By Dr. David Biberstein g66 Published: May 24, 2020

Benefits of Waiting

Isaiah 40:31

“but those who hope in the LORD will renew their strength. They will soar on wings like eagles; they will run and not grow weary, they will walk and not be faint.”

As an advisor to many college students during my thirty years of teaching, I discovered that one of the most difficult lessons for Christians to learn was that of waiting. Our impatience surfaces very quickly and we want to see immediate results, so frustrations increase when God refuses to conform to our human timetable. However, the wisdom of Vance Havner is very pertinent when he spoke:

“All that matters is to say tuned to the Divine will, for it takes time to tune the instrument, so he who waits on God loses no time.”

This is what the prophet Isaiah emphasized hundreds of years ago in a beautiful verse in Isaiah 40:28-31:

“Do you not know? Have you not heard? The LORD is the everlasting God, the Creator of the ends of the earth. He will not grow tired or weary, and his understanding no one can fathom. He gives strength to the weary and increases the power of the weak. Even youths grow tired and warty, and young men stumble and fall; but those who hope in the LORD will renew their strength. They will soar on wings like eagles; they will run and not grow weary, they will walk and not be faint.”

Today, why not save yourself some worry, some fretting, and some stewing? Just wait on the Lord and you will definitely not lose time, but you will gain the divine perspective. They who wait on the LORD are those who trust in the LORD and who have an eternal hope. Fyodor Dostoyevsky views the subject from a negative perspective.

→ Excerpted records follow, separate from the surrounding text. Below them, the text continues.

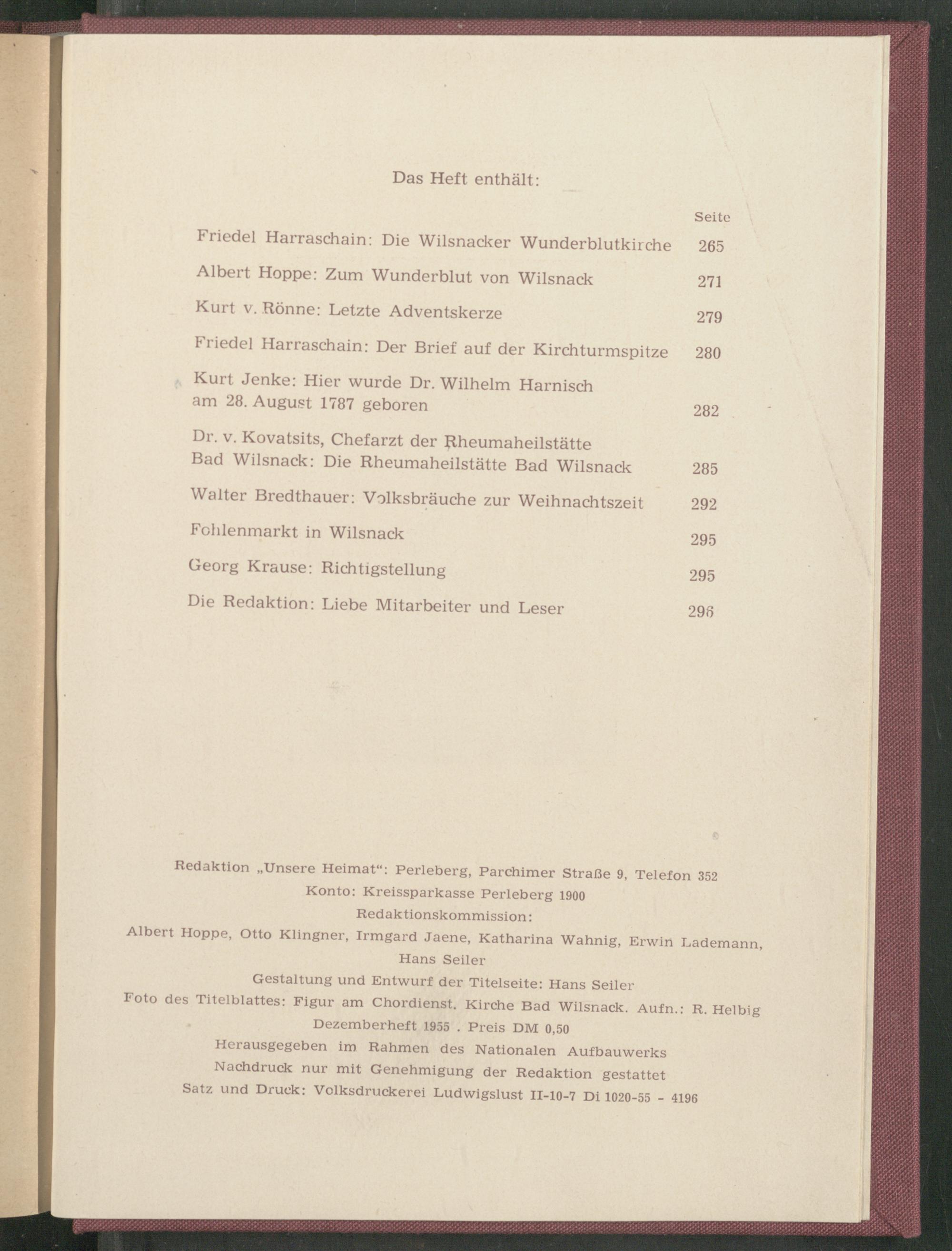 Gestaltung und Entwurf der Titelseite: Hans Seiler Foto des Titelblattes: Figur am Chordienst. Kirche Bad Wilsnack. Aufn.: R. Helbig Dezemberheft 1955 . Preis DM 0,50 Herausgegeben im Rahmen des Nationalen Aufbauwerks Nachdruck nur mit Genehmigung der Redaktion gestattet Satz und Druck: Volksdruckerei Ludwigslust II-10-7 Di 1020-55 - 4196
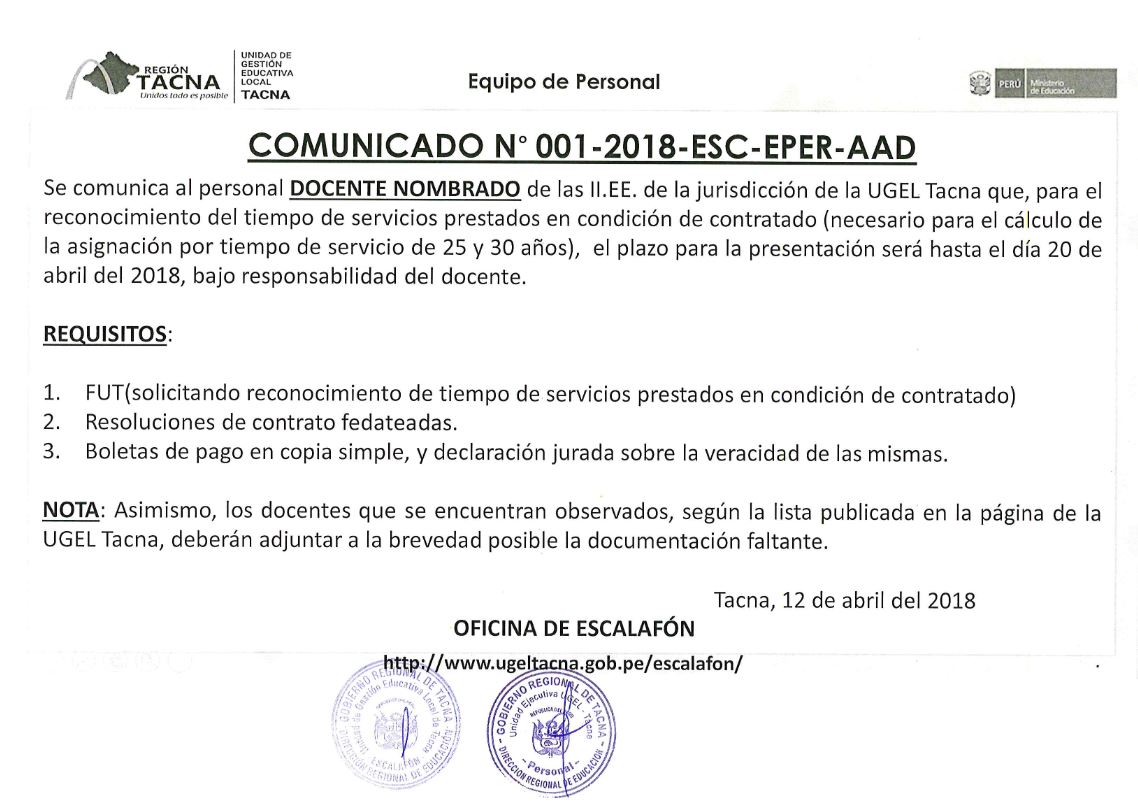 RECONOCIMIENTO DE TIEMPO DE SERVICIOS PRESTADOS EN CONDICION DE CONTRATADO (25 Y 30 AÑOS) Imagen Institucional 2018-04-12 15:59:03 Descripción: COMUNICADO 001-2018-ESCALAFON-UGELT Descargar documento
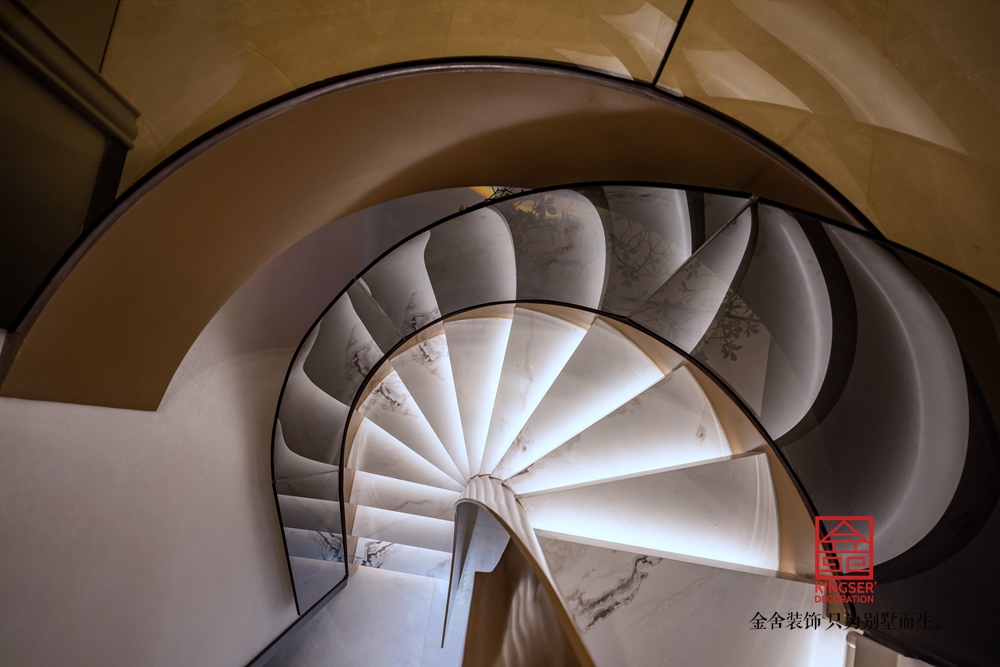 負一層作為收納和家政的主要場域,弱化傳統(tǒng)法式的繁復裝飾,轉(zhuǎn)而用現(xiàn)代設(shè)計語言傳遞輕松氛圍,洋溢著不拘束的雅致感。
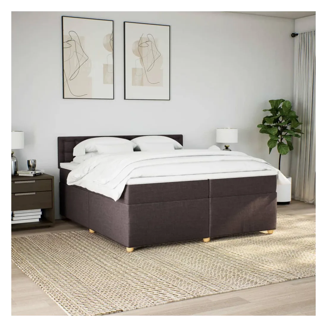 Sommier à lattes de lit avec matelas Marron foncé 200x200 cm

“To live without hope is to cease to live. Hell is hopelessness. It is no accident that above the entrance to Dante’s hell is the inscription: ‘Leave behind all hope, you who enter here.’”

Song:

They that wait upon the Lord shall renew their strength;
They shall mount up with wings like eagles;
They shall run and not be weary;
They shall walk and not faint.
Teach me, Lord, teach me, Lord to wait.